By default, the simulation functions construct a model matrix assuming a
complete block design (i.e. every level of each variable is
represented). If we want to simulate data for an incomplete block design, we can
specify our own variable `data.frame`

, `X`

, to create a
model matrix.

When we specified the `vars`

above, we included variables that we did not use in the formula.

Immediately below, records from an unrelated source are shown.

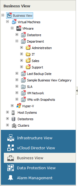 The Business View tree displays a hierarchical list of categorization groups configured in Veeam ONE Business View. It presents the virtual infrastructure topology in business terms and allows you to monitor, alert and report on custom categorization units in your virtual environment.
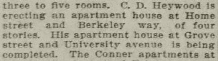 Berkeley directory listing, 1908In July 1908, the Daily Pacific Builder published a contract notice for flats to be built on the southeast corner of University Avenue and Grove Street. The owner was W.B. Heywood, the contractor George L. Mohr, and the projected cost $11,000. Nothing was built on that corner at the time, but in June 1909 construction began on another Heywood apartment housethis one on the southwest corner of the same intersection. The San Francisco Call reported that this building would cost $20,000, contain 40 apartments, and cover a lot of 75 x 150 feet. The Oakland Tribune, on the other hand, tallied the cost at $12,000 and gave floor space dimensions of 37 x 137 feet.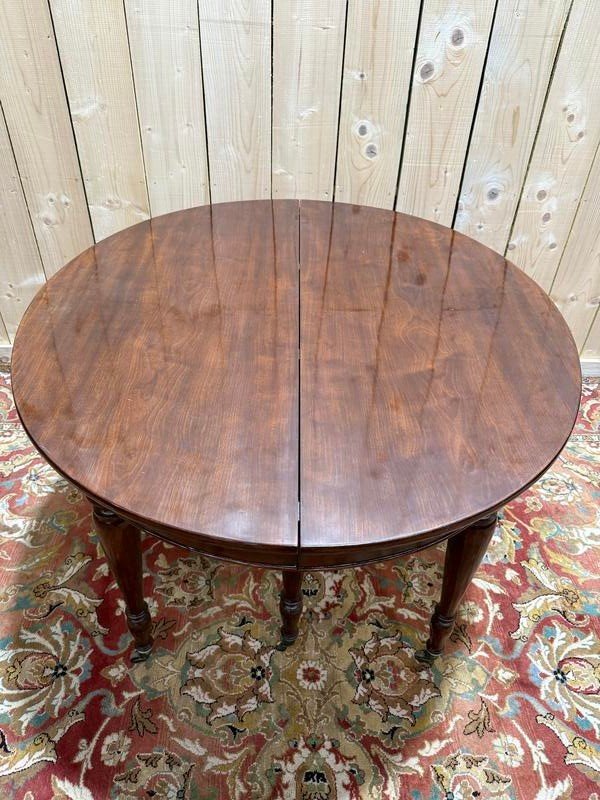 Ovaler Mahagoni -Esstisch mit seinen schönen gedrehten Füßen, die auf Rollen enden.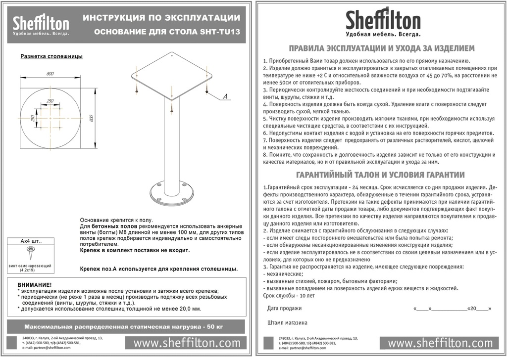 Подстолье Sheffilton SHT-TU13 используется в качестве опоры для столешницы обеденного столика в кафе, ресторанах и на других предприятиях общественного питания и торговли. Модель имеет устойчивую конструкцию из опорной плоскости квадратной формы, опорной стойки круглого сечения и круглого основания. Компоненты выполнены из металла с покрытием порошковой краской оттенка черный муар, упаковка – из полиэтилена. Цена указана за 1 шт. Особенности:
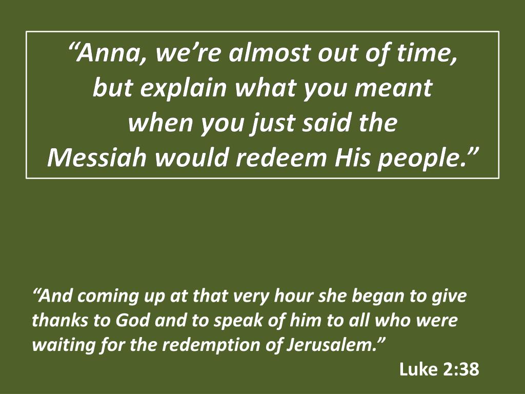 “Anna, we’re almost out of time, but explain what you meant when you just said the Messiah would redeem His people.” “And coming up at that very hourshe began to give thanks to God and to speak of him to all who were waiting for the redemption of Jerusalem.” Luke 2:38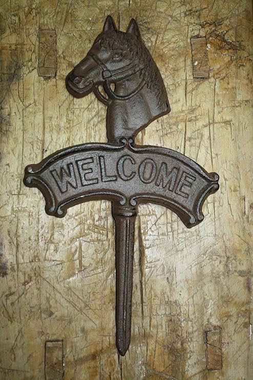 Amazon Com Jtw Heavy Cast Iron Antique Style Welcome Sign Horse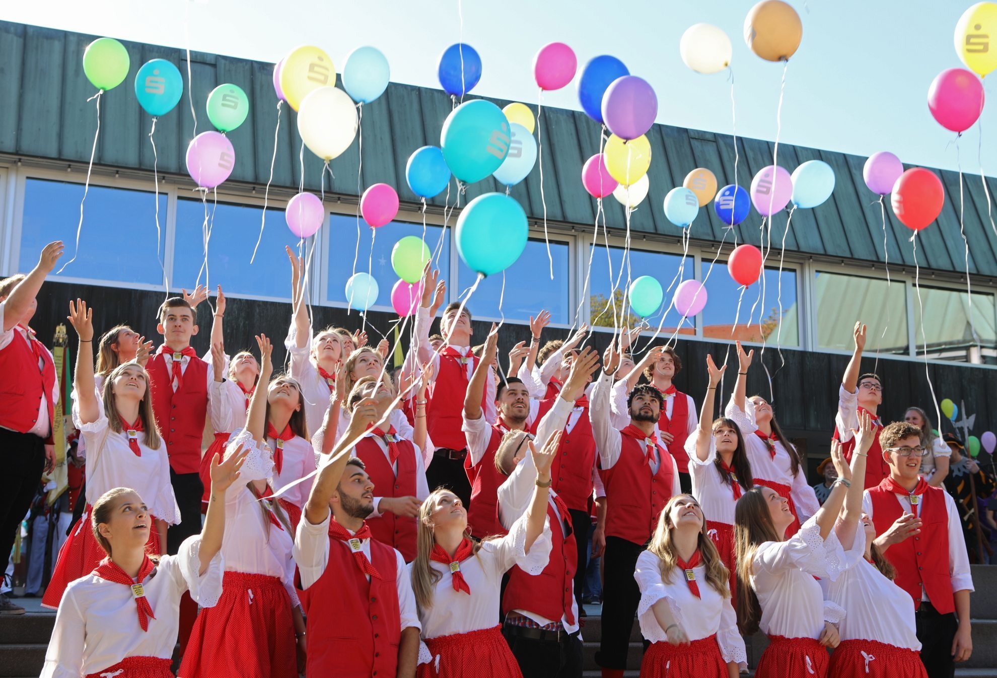 Die nächsten Rätschensalven brechen los. Die grünen Kirbejugendlichen – der letzte Jahrgang mit der Zahl „19“ im Geburtsjahr – präsentieren sich mit einer Tanzeinlage zu Nenas „99 Luftballons“. Am Ende steigt eine bunte Luftballontraube in den Himmel. Dann ziehen weit mehr als 99 Trauben alle Blicke auf sich: Das Zeremoniell des Traubenaufhängens fordert besonders zwei Jungs, die das schwere Traubengebilde mit vereinter Schulterkraft zwei Leitern hinaufstemmen dürfen.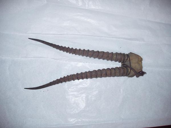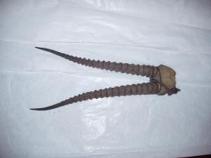 corna unite a una piccola porzione di volta cranica, di un esemplare di gazzella

By
design, the simulation and modeling functions ignore extra variables in the
`variable_list`

or `data`

inputs. This is just a workflow perk; it allows us to create a comprehensive list of variables we might be
interested in, and then we only need adjust the model formula to change the
simulations.

Sometimes we get simulation results that seem very surprising, and often our first instinct is to suspect the model. When this happens, it can be helpful to remember that the model underlying the simulation functions is highly deterministic to the expected value - which is to say that barring any bugs in the code, there is no stochasticity in the calculations that `artemis`

performs; they are mathematically sound when the pieces are right. There is a random component in simulating the random error, but even that should play out predictably for us. Thus if we're getting surprising or nonsensical simulations, the trouble probably lies with the assumptions or the data we provided to the model. When we go to look for the source of the unexpected behavior, the input data is almost always the best place to start.